Skube quoted the late historian Christopher Lasch in support of his argument:
"What democracy requires," Lasch wrote in "The Lost Art of Argument," "is vigorous public debate, not information. Of course, it needs information too, but the kind of information it needs can only be generated by debate. We do not know what we need until we ask the right questions, and we can identify the right questions only by subjecting our own ideas about the world to the test of public controversy."There was something appealing about this argument -- one that no blogger would reject -- when Lasch advanced it almost two decades ago.
But now we have the opportunity to witness it in practice, thanks to the blogosphere, and the results are less than satisfying. One gets the uneasy sense that the blogosphere is a potpourri of opinion and little more. The opinions are occasionally informed, often tiresomely cranky and never in doubt. Skepticism, restraint, a willingness to suspect judgment and to put oneself in the background -- these would not seem to be a blogger's trademarks.
Truth be told, the Insider has been guilty of some of those very same negative characteristics at times. We also agree with Lasch's sentiment that skepticism is a worthy trait and that it's not information we're lacking so much as a context into which to place that information and understand it.

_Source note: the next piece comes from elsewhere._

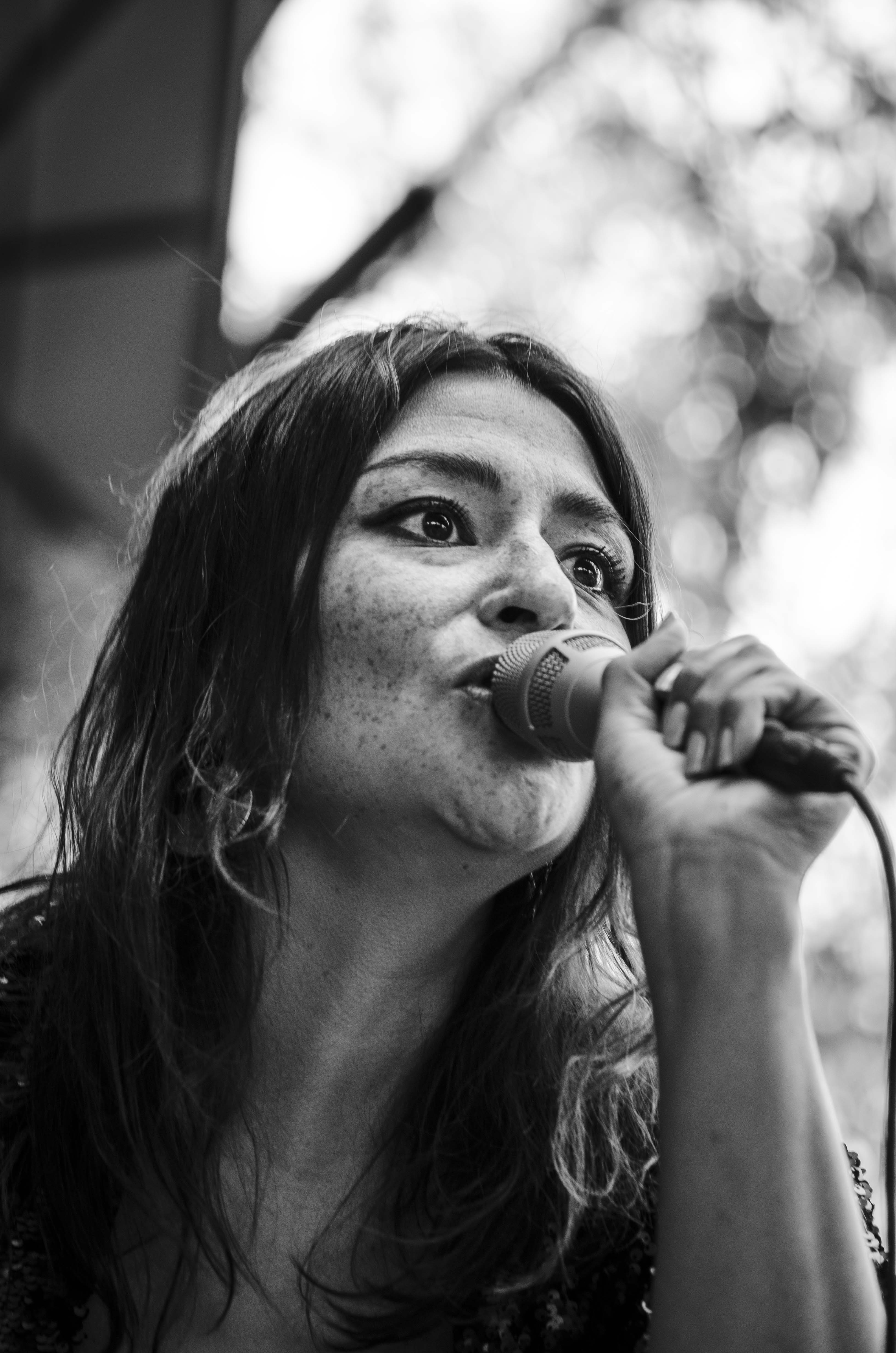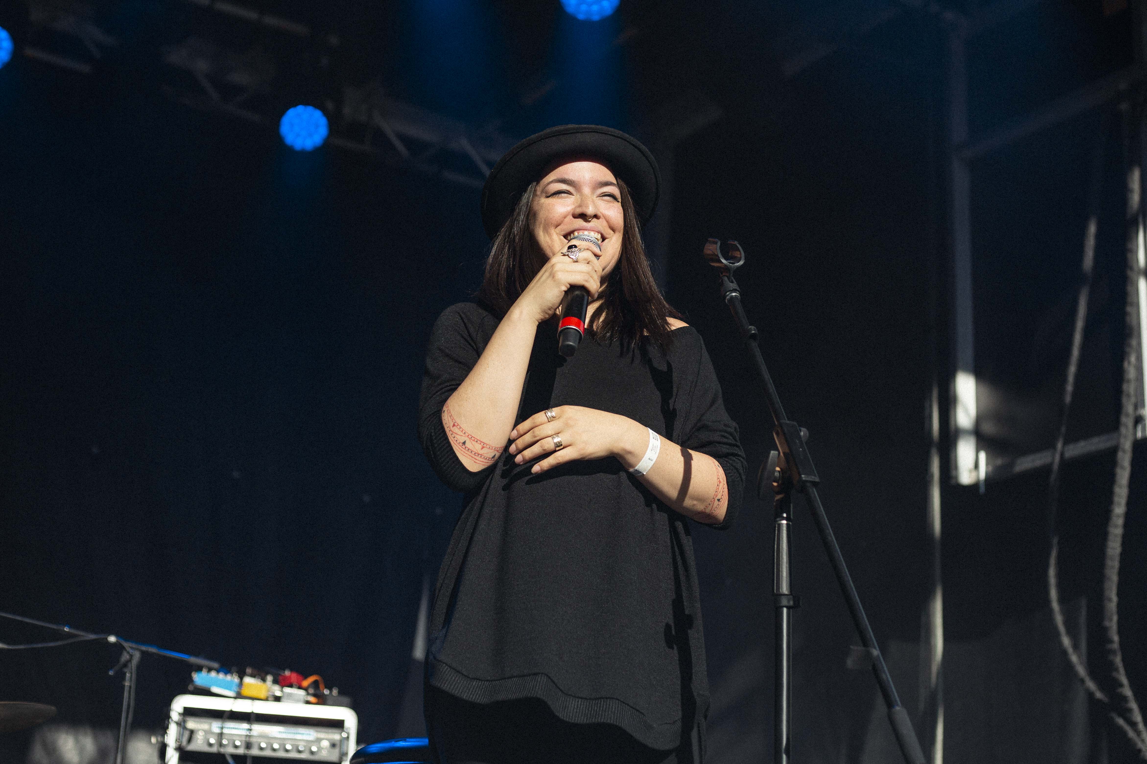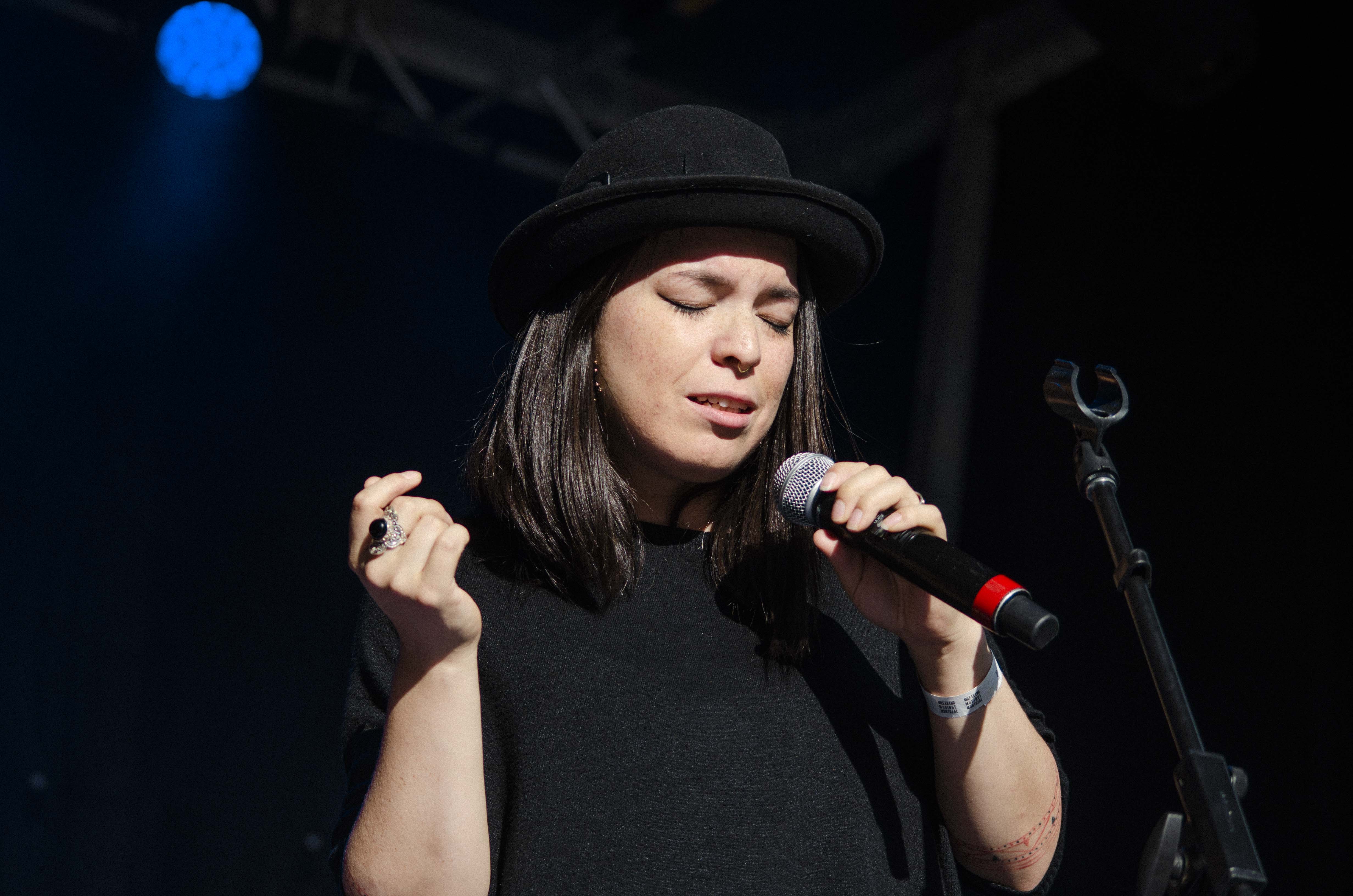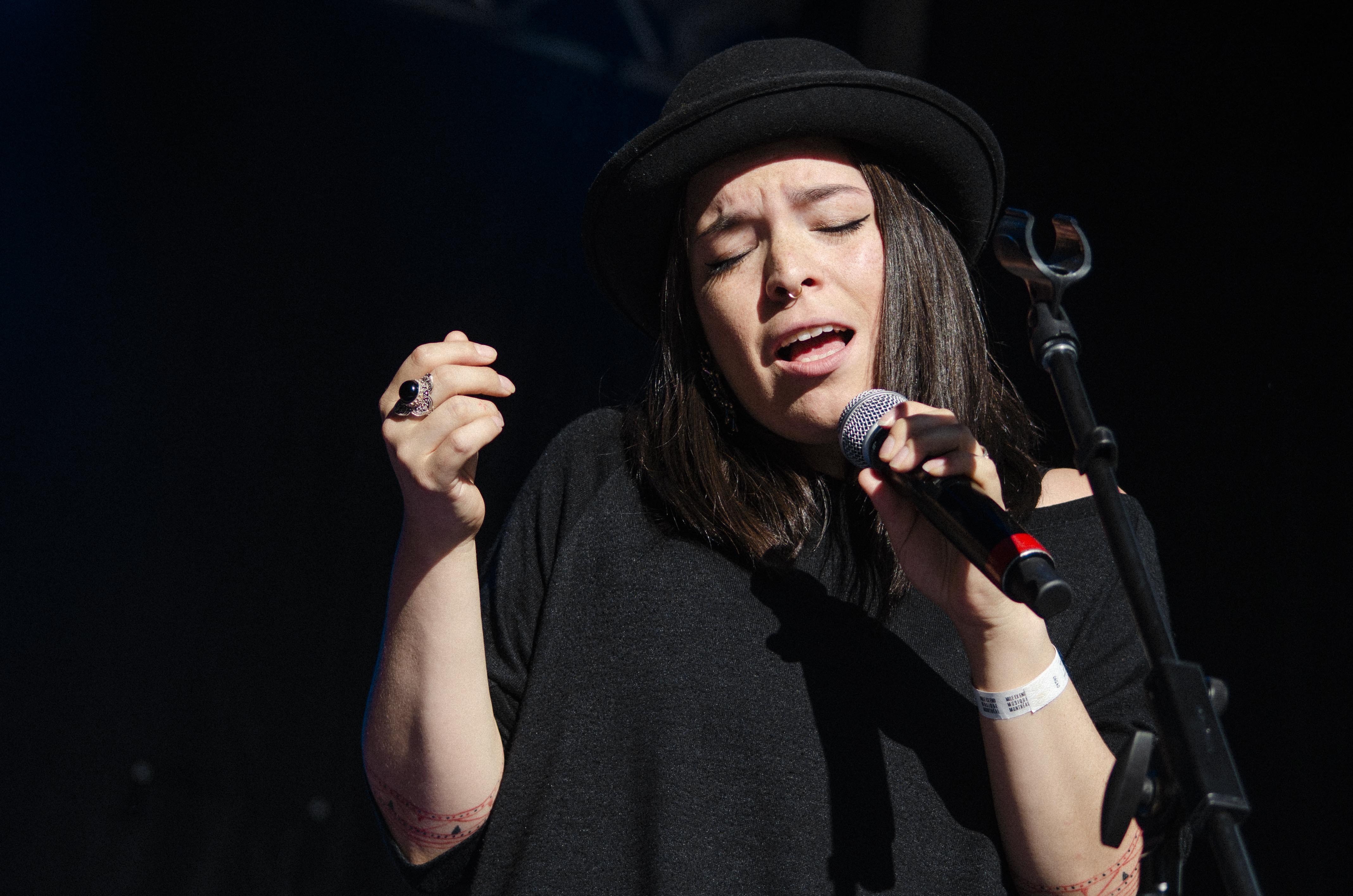 C’est Émilie Clepper qui avait l’humble tâche de débuter la journée et on peut dire qu’elle n’a pas déçu. Il fallait bien sûr s’attendre à la voir jouer devant un public qui tardait à venir au festival, chose qui n’a pas semblé la déranger dans sa performance. Clepper n’était pas seule, alors que chacun des musiciens qui l’ont côtoyé sur scène ont formé un tout avec son univers. Certes, la chanteuse de Québec a une belle voix portante, des textes poétiques qui manquent à l’occasion de contenu, mais ce qui en fait sa petite mine d’or, c’est la chaleur qui se dégage de sa production musicale, c’est pourquoi, entre autres, la présence de la grande basse et du violon a joué un rôle capital dans sa performance.

We also agree that bloggers, including the Insider are not the same as professional journalists, who still fill an important function. Nor do we see ourselves necessarily in competition with journalists so much as filling an informational niche unmet by newspapers, magazines, and broadcast and Internet news.
As we've noted in past posts, on the local level, news and context are often lacking. The corporatization of the news business has left entire communities bereft of local papers.

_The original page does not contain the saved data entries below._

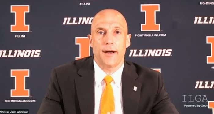 Illinois Athletic Director Josh Whitman speaks to the Illinois House Executive Committee Wednesday in opposition to a proposed change to state gambling laws that would allow Illinoisans to bet on in-state colleges and universities legally. (Credit: Blueroomstream.com)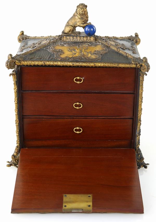 con struttura squadrata e copertura ad urna dominata da un leone, con facciate decorate da applicazioni in bronzo dorato in forma di volute vegetali a creare un reticolato su cui idealmente siedono figure di amorino; poggiante su figure di tartaruga, reca tre tiretti interni. Difetti alla lacca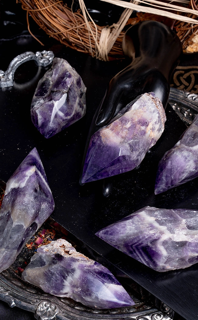 These points are stunning! Polished at the point into beautifully banded specimens. Super rare to get this sze dream amethyst points like this.

Town newspapers like the Claremont Courier have become rarer, even though indications are that family-owned local papers may be better suited to surviving the current business environment precisely because they provide very specific news to a specific audience.
And because a paper like the Courier is family-owned, it doesn't have to answer to Wall Street's shareholder expectations the way a large corporation like the Tribune Co. does. As a result, family-owned papers can operate on lower margins that a paper like the LA Times.
In any event, we really don't see blogs as belong to the same philosophical category as journalism. We recognize we exist simply to provide an outlet for opinions about the local scene that we think have been ignored for a good 20 years or so. Ironically, we think we provide some of the skepticism about the Claremont scene that Skube believes is needed in the blogosphere.
Too often in our recent history, Claremont, particularly its city government and the Claremont 400, have been allowed to simply dictate the news through press releases that went unexamined, and we aim to shine a light into those dark areas. We believe there's been too little of the sort of local public debate that Lasch referred to, and too much of a willingness to accept the conventional wisdom.
Claremont's strength is in being possessed of a community that's more involved as a whole than a lot of others in the area, and that community's opinion is far more diverse than the Claremont 400 has traditionally acknowledged. The 400 speak of "consensus" in the academic sense, implying agreement reached after vigorous argument and debate. But they are really talking about their desire to force their one point of view on this community, to suppress diverse thinking.
When people like former Mayors Diann Ring, Judy Wright or former commissioner Helaine Goldwater haunt city hall and manipulate policy behind the scenes, they truly believe they represent an institutional memory and see themselves as providing continuity in decision-making. What they don't see is how they also end up keeping new ideas from receiving a fair hearing and how they stifle innovative-thinking.
When they talk of "diversity" they are usually speaking of ethnic and cultural diversity, but not ideological diversity. They want a community that looks different but thinks exactly alike. We, however, think that ideological diversity remains our greatest virtue, and we aim to provide an outlet for that on local issues, from affordable housing to fiscal policy, from open space to local services. And we'll gladly stop posting tomorrow if the Claremont 400 ceases its political gamesmanship and steps aside to allow others to have a fair and equal say in city governance.
Absent that, we say, until tomorrow, dear readers.